For this project, it’s is important to understand the patterns of the waveforms and how they are changing over time when we apply different parameters. In this first part, we are going to explore some particularities of the voice signal and how we can process it using MATLAB, and in the following part, we will begin the detailed analysis of a recorded voice signal using Arduino.
Step 1: About voice signal
When we are working with voice signals, the most important part is to understand what “signal” means. So what is signal?

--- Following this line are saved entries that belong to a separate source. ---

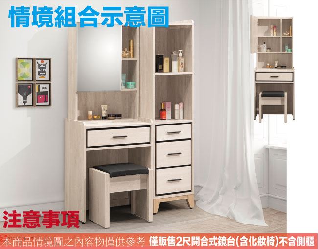 商 品 介 紹 | 【綠家居】悅卡2尺開合式鏡台組合(二色可選+含化妝椅) 二色可選+現代簡約風格+安心材質製造,使用放心+搭配居家更便利,整體採用防蛀木心板+五金滑軌結構+強化玻璃鏡面+防潮耐磨底座+防夾手緩衝門片五金等材質搭配外層採用防潮耐磨噴漆處理,採用開合式鏡面櫃+單抽屜+內&外開放層格等收納空間設計,全由專人配送到家,專業安心服務,替你省下更多時間! 【商品特色】 二色可選+現代簡約風格+安心材質製造,使用放心+搭配居家更便利 此組鏡台組合含可收納化妝椅搭配,化妝椅座墊可掀起內含收納層格可用來置放私人物品,增加實用機能性 防蛀木心板+五金滑軌結構+強化玻璃鏡面+防潮耐磨底座+防夾手緩衝門片五金等材質 採用開合式鏡面櫃+單抽屜+內&外開放層格等收納空間設計 此商品不需要DIY組立,此商品為組立後之成品 品質保證、專業設計、貼心服務 全由專人配送到家,專業安心服務,替您省下更多時間
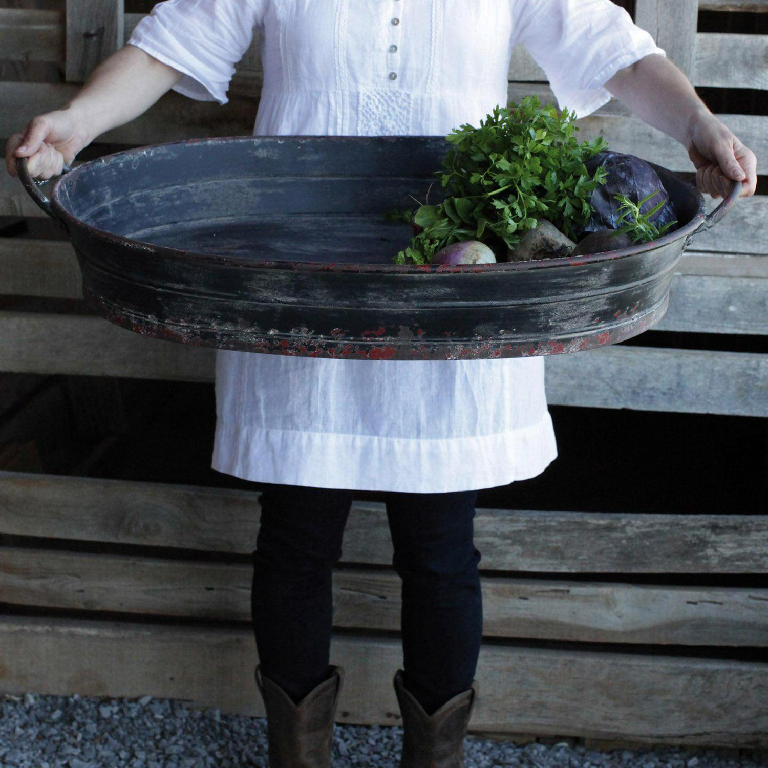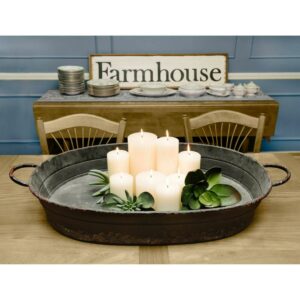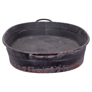 The Woven Paths Rustic Iron Oval Tray with Distressed Black Finish adds a fun element to your home. Use it to give your next gathering a bold dose of rustic style. This decorative tray has a dark finish and works well for serving drinks to family and friends. It’s easy to carry, and also doubles as a fabulous display on a table or shelf. This metal tray has a pleasing oval shape and is suitable for holding various items such as trinkets for added appeal.
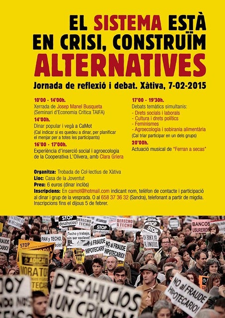 El pròxim 7 de Febrer acollirem a Xàtiva una jornada de formació anticapitalista organitzada per diferents col·lectius de Xàtiva. Dinamitzada des de les 10 del matí per l’activista militant i economista crític Josep Manel Busqueta del Seminari d’Economia Critica Taifa junt a la Clara Griera de la cooperativa d’inserció social i agroecologia L’Olivera.
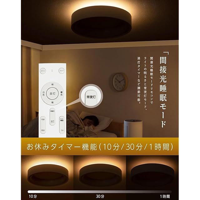 【便利なリモコン操作とタイマー機能】リモコンで簡単にオン・オフや色温度の調整が可能。明るさと色温度は10段階で調整でき、スムーズに切り替えが可能です。タイマー機能には10分、30分、1時間の設定があり、就寝前や外出前の設定に便利で消し忘れを防ぎます。フルライト、ナイト、ミドルライトの3つのモードで、日常生活のさまざまなシーンに合わせて照明を調整できます。
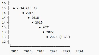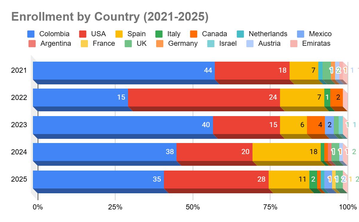 In Colombia, the birth rate has been steadily declining over the past decade. It decreased from approximately 15.3 births per 1,000 inhabitants in 2014 to around 13.5 in 2023, representing a reduction of about 10%. This trend reflects broader demographic changes in the country, including delayed parenthood, shifting family planning decisions, and socioeconomic factors that influence fertility patterns. These dynamics are important to consider when projecting future student populations and planning long-term educational infrastructure and capacity.
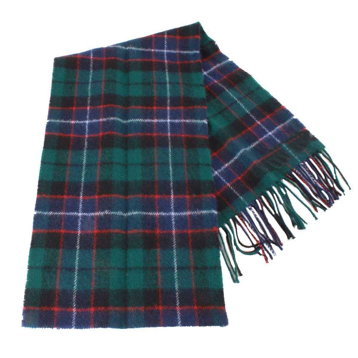 Locharron of Scotland Bowhill Russell Scarf de tartan de lambole moderne - vert / bleu / gris / blanc
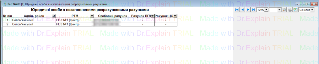 400 Юридичні особи з незаповненими розрахунковими рахунками на поточний момент
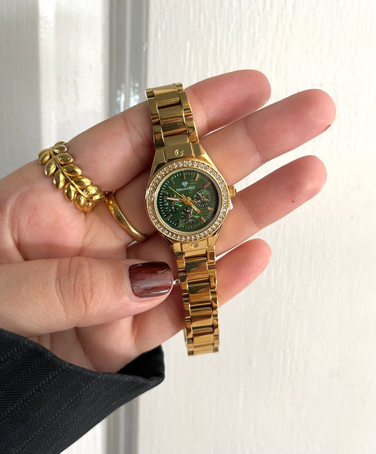 ✨CRYSTAL STUDED GREEN DIAL GOLD WATCH✨
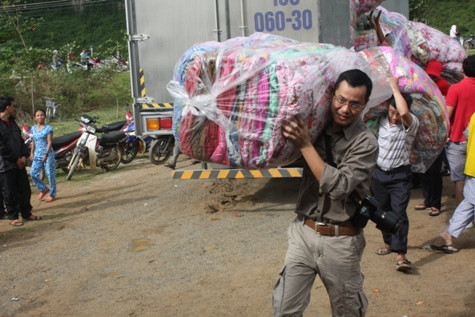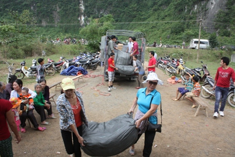 | Đoàn cứu trợ chuyển hàng cứu trợ xuống nơi tập kết để trao cho người dân |
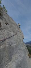salire in verticale fino a raggiungere una lama sulla destra che consente di guadagnare rocce più facili. Tramite queste si raggiunge una seconda lama che conduce in sosta. 35 Mt., V°-, V°+, 4 spit, 1 clessidra con cordone.
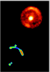RingHvis det næsten usandsynlige skulle være tilfældet, at den fjerne og den nære galakse befinder sig, så de ses i helt samme retning på himlen her fra vores plads på Jorden, så vil brydningen foregå på en sådan måde, at man ikke ser den fjerne galakse som en lille prik, men som en ring!
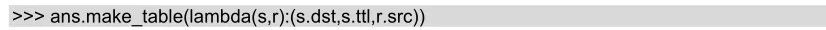 (4)使用scapy查看TCP路由跟踪信息。执行命令如下所示:

“[A] signal, technically yet generally speaking, is a formal description of a phenomenon evolving over time or space; by signal processing we denote any manual or “mechanical” operation which modifies, analyzes or otherwise manipulates the information contained in a signal. Consider the simple example of ambient temperature: once we have agreed upon a formal model for this physical variable – Celsius degrees, for instance – we can record the evolution of temperature over time in a variety of ways and the resulting data set represents a temperature “signal”.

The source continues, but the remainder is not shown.